Clever brats-turned-friends

I’ve reach the point in my teaching career when some of my first students are now becoming young adults. As such, many of them are now becoming people who I am proud to call my friends.
I play golf and basketball with former students. I discuss writing and books with them. They attend my readings and signings. I pay them to babysit my daughter.

Just last week I engaged in a challenging, intellectual and reflective conversation with a former student about religion and parenting.

Last year, when my fifth graders performed Julius Caesar for the first time in ten years, five of the students from my first class, former second graders who were now seniors in high school, surprised me by attending our opening night performance and telling stories of the time when they had filled the rolls of Caesar, Brutus and Antony for me.

They remembered far more about that first year of teaching than I could ever hope to recall.

Some of my students leave elementary school and are never seen or heard from again, but the majority of them eventually return, seeking advice, sharing stories, searching for support, hoping for a quick game of hoops and ultimately growing up and becoming my friends.

It’s an extraordinary and unexpected blessing that I deeply cherish.

And these students-turned-friends often remind me of some of my more amusing teaching moments that I have long-since forgotten.

A former student-turned babysitter recently reminded me of a time when she was in my third grade class. She had asked to read a poem that she loved to the class, and though I had agreed to her request, I forgot about it all day until it was too late. Feeling awful for failing to validate her enthusiasm over poetry, I promised to remember to read the poem the very next morning.

The following day I found the poetry book on my desk with a note inside that read:

Read this to the class, Mr. Evil, or else.

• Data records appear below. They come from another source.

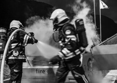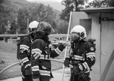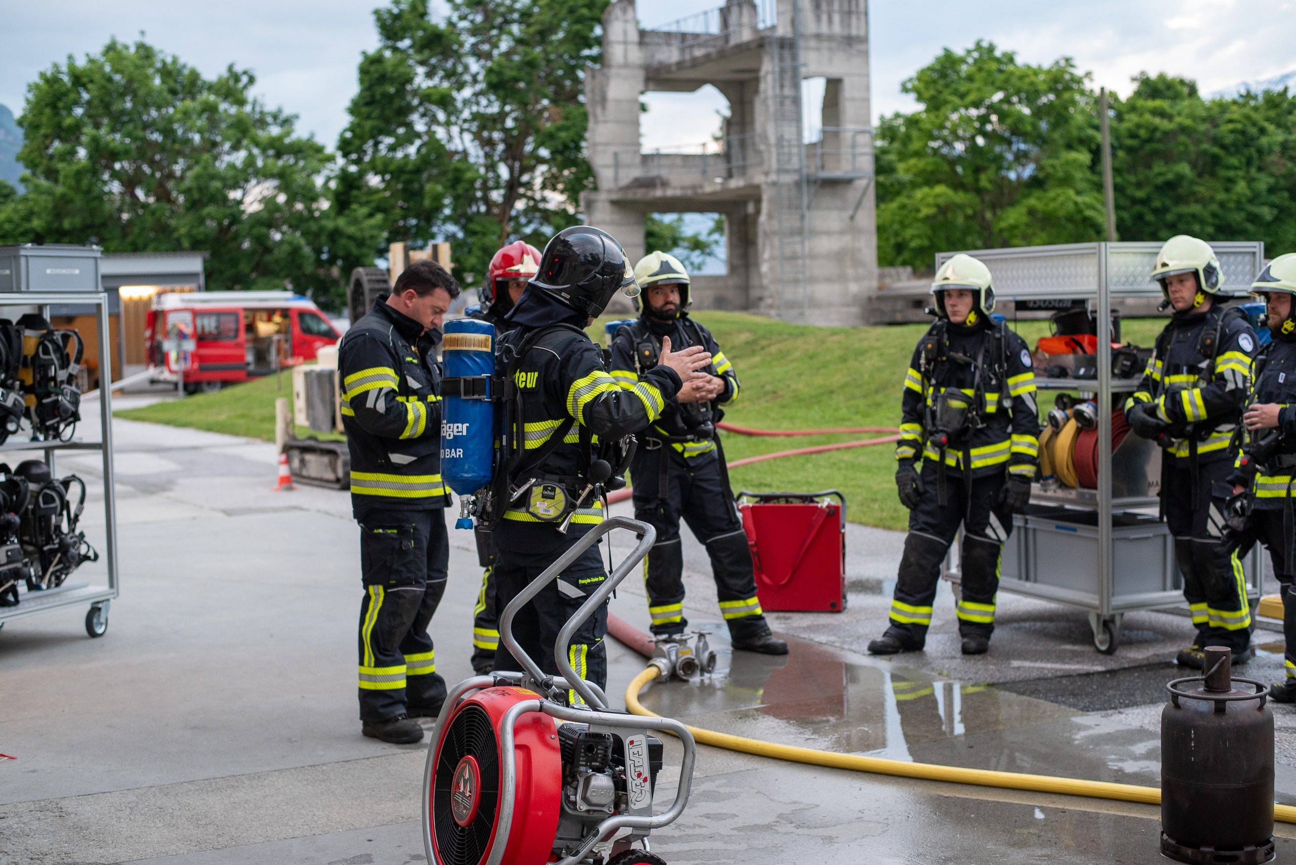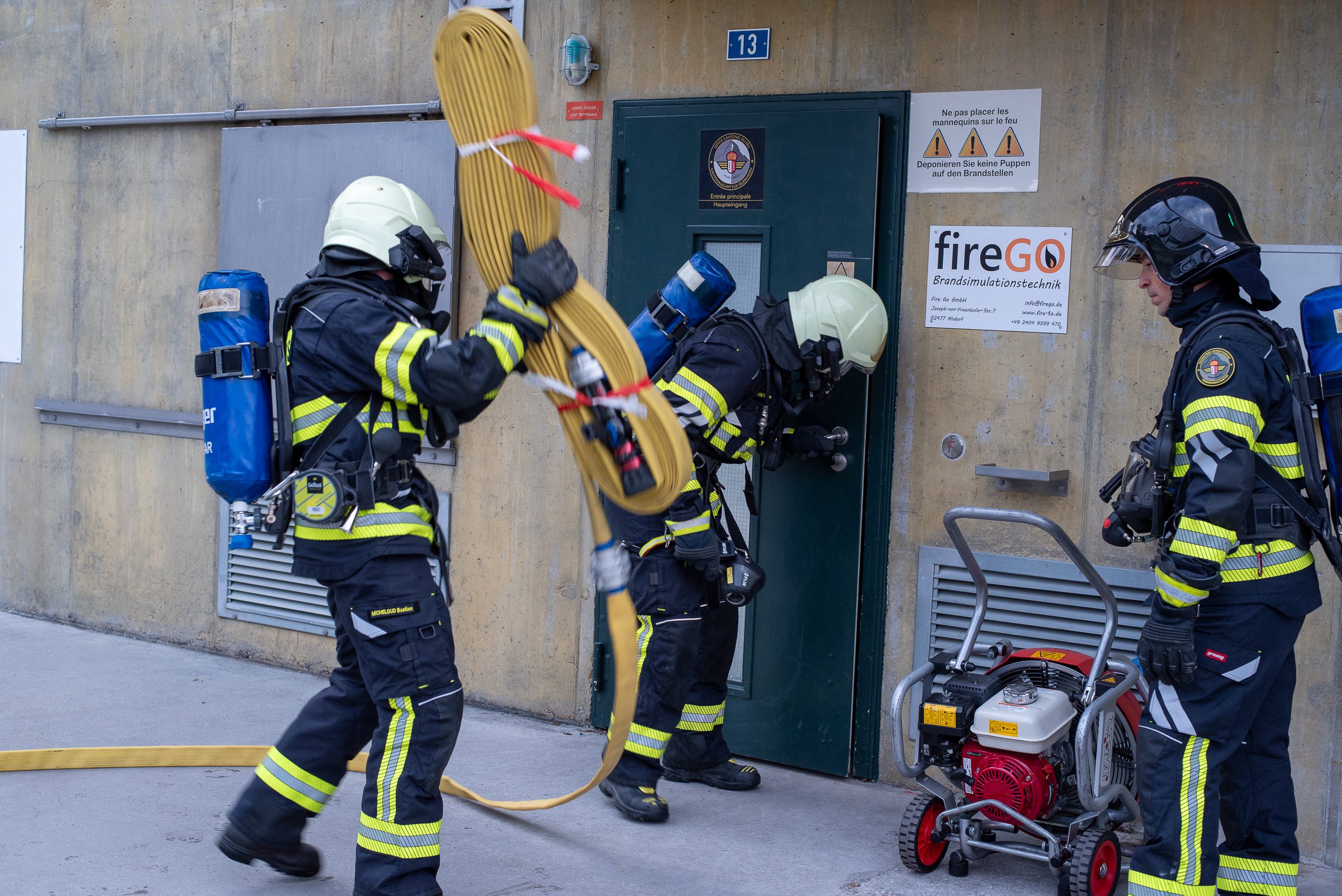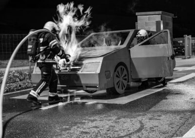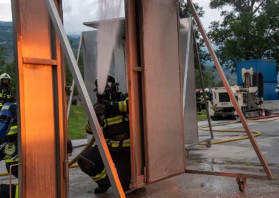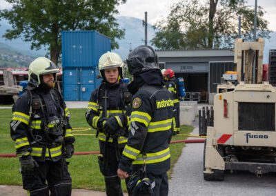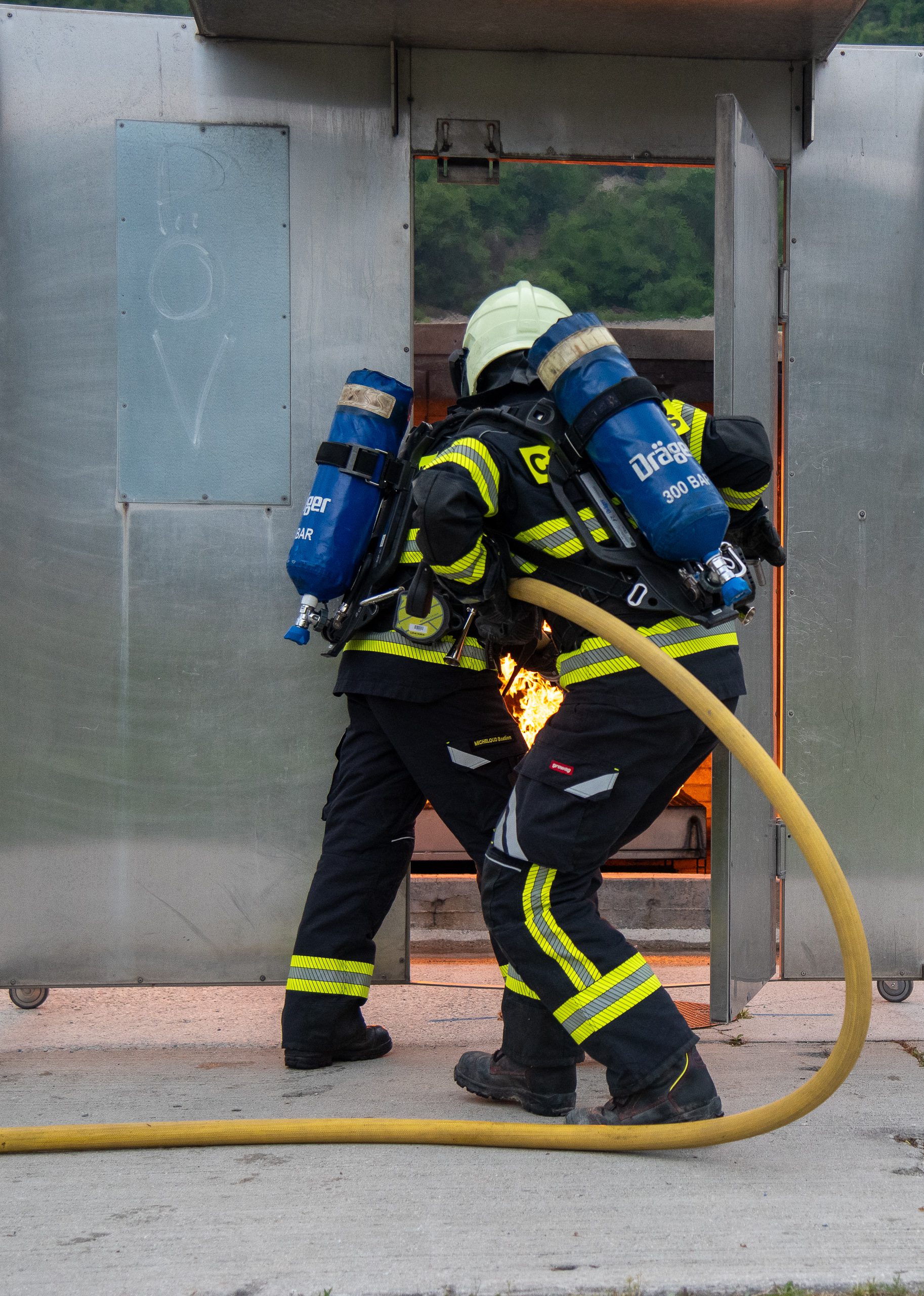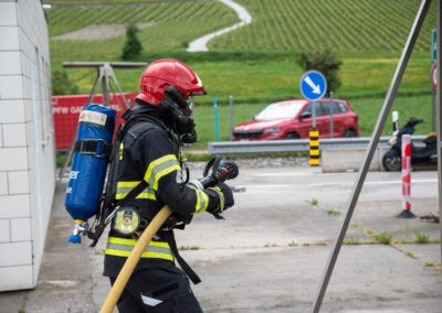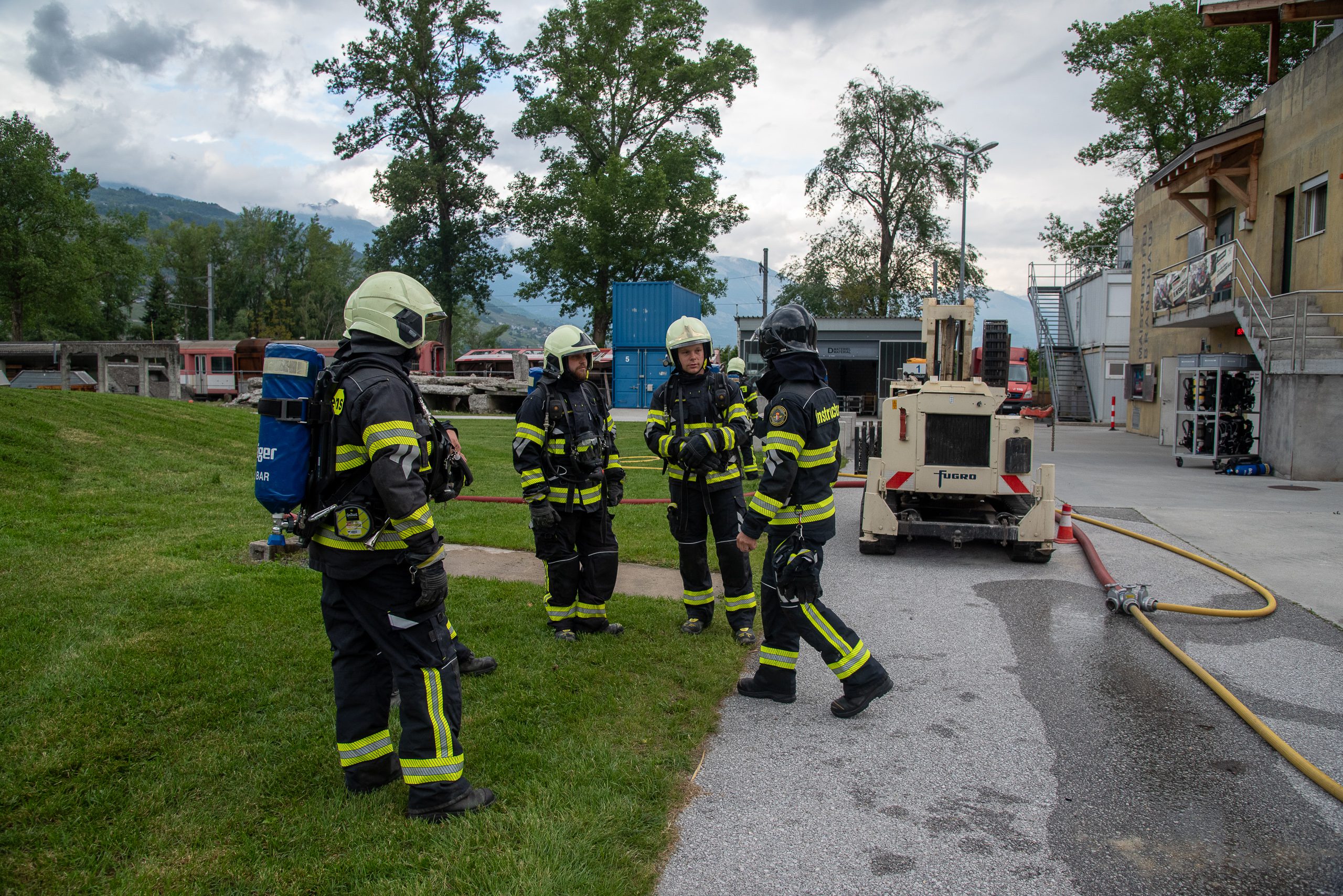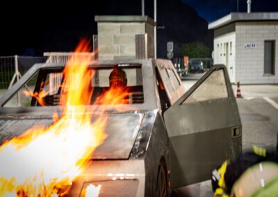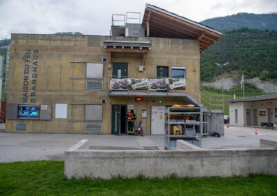 Lieu : Grône • Thèmes : coordination d'équipe, ouverture de porte avec extinction, feu de voiture, désenfumage cage/local, pénétration et extinction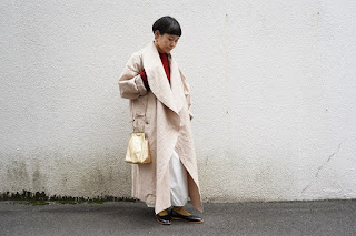 ボタンを一つだけ留めてゆったりマントのような感覚で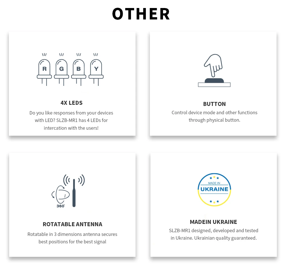 - SLZB-OS supported functionality: VPN, 20+ languages, Scripts support, Network settings, Security, Dashboard, zHub mode, mode switcher, OTA firmware updates etc.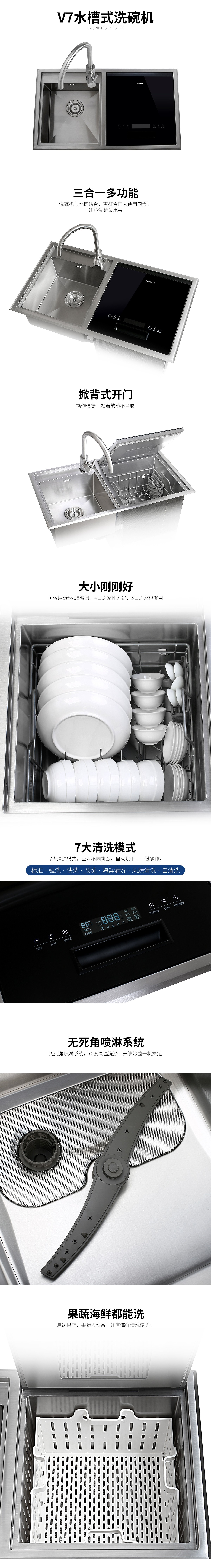 三合一多功能:洗碗機(jī)與水槽結(jié)合,更符合國人使用習(xí)慣,還能洗蔬菜水果。

Below the message was a hand-drawn picture of a bee with venom dripping from its stinger and a speech bubble emanating from its mouth that read:

I know your weakness. Ha! Ha! Ha!

I’m allergic to bees.

These are the kinds of moments that I never want to forget.

But the most amusing note that I ever received from a student was found affixed to my shirt at the end of the school day. It read:

For Sale

One very used teacher
Needs a lot work
Has plenty of ego
Must have a stern owner
Not nice!
$1 or best offer

This makes a Kick Me! sign look like a joke.